» EXERCISE DATA:
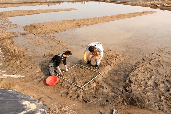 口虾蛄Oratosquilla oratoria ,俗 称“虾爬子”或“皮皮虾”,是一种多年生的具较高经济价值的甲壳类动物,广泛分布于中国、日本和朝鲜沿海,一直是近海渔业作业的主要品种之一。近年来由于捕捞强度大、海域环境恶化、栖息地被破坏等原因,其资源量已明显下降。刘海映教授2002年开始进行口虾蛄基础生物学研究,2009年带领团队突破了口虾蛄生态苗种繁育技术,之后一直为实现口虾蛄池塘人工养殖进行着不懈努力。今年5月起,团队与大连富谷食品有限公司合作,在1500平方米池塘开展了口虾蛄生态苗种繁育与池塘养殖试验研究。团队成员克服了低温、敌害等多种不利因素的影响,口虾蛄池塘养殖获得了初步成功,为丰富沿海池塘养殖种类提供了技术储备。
* * *
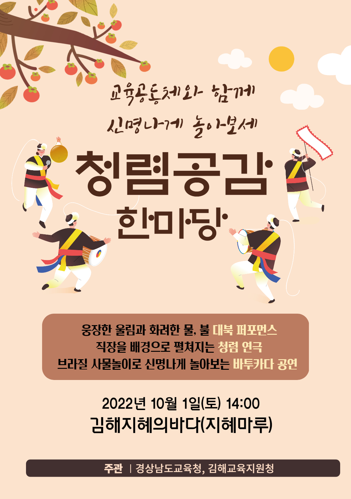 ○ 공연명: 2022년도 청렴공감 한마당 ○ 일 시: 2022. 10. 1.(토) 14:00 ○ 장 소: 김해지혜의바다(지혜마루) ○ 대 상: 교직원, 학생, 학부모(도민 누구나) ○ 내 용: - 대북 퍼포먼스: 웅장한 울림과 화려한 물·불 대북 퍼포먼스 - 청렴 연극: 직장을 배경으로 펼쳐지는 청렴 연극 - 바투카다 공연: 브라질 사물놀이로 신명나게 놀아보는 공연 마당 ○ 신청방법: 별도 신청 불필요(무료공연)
==
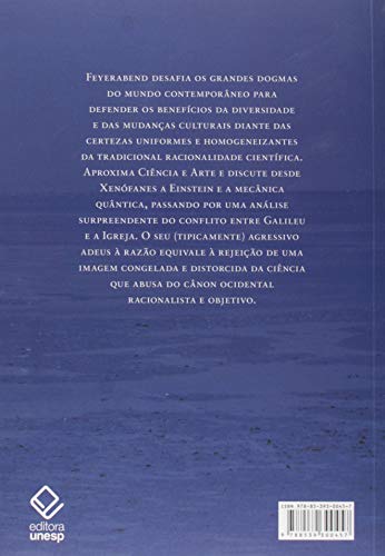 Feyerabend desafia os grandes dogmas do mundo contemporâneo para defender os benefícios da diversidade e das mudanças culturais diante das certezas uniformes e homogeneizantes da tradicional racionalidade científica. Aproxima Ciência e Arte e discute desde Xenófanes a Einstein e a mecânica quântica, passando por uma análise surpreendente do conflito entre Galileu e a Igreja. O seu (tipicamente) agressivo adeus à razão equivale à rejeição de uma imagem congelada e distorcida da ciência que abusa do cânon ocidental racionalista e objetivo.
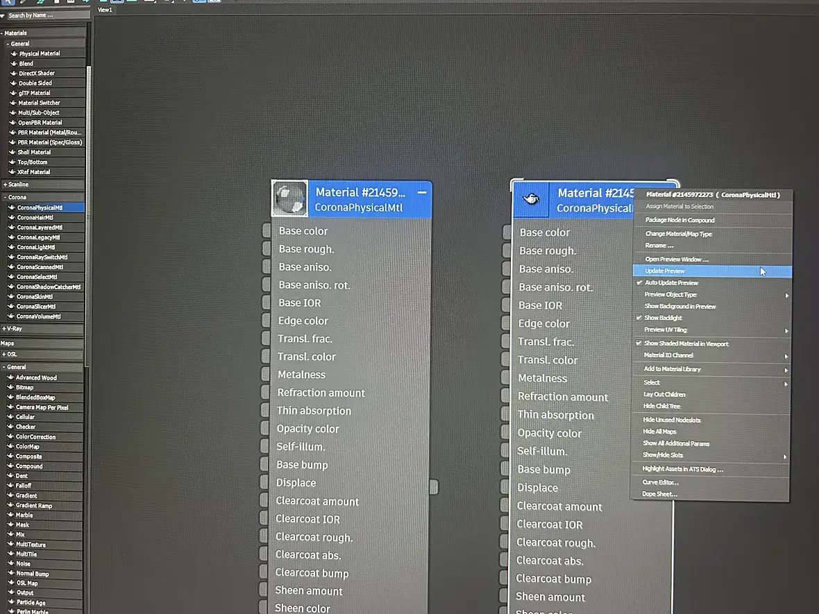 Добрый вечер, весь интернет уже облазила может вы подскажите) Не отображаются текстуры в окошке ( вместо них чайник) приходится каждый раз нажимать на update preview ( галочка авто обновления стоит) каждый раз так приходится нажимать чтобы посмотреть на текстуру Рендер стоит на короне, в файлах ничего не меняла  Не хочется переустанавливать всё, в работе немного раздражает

» TASK STATEMENT:
When copying from the data above, begin at the line containing "Feyerabend desafia os" and end at the line containing "Добрый вечер, весь"; return those lines exactly and leave all pictures behind.

» SOLUTION TO THIS TASK:
 Feyerabend desafia os grandes dogmas do mundo contemporâneo para defender os benefícios da diversidade e das mudanças culturais diante das certezas uniformes e homogeneizantes da tradicional racionalidade científica. Aproxima Ciência e Arte e discute desde Xenófanes a Einstein e a mecânica quântica, passando por uma análise surpreendente do conflito entre Galileu e a Igreja. O seu (tipicamente) agressivo adeus à razão equivale à rejeição de uma imagem congelada e distorcida da ciência que abusa do cânon ocidental racionalista e objetivo.
 Добрый вечер, весь интернет уже облазила может вы подскажите) Не отображаются текстуры в окошке ( вместо них чайник) приходится каждый раз нажимать на update preview ( галочка авто обновления стоит) каждый раз так приходится нажимать чтобы посмотреть на текстуру Рендер стоит на короне, в файлах ничего не меняла  Не хочется переустанавливать всё, в работе немного раздражает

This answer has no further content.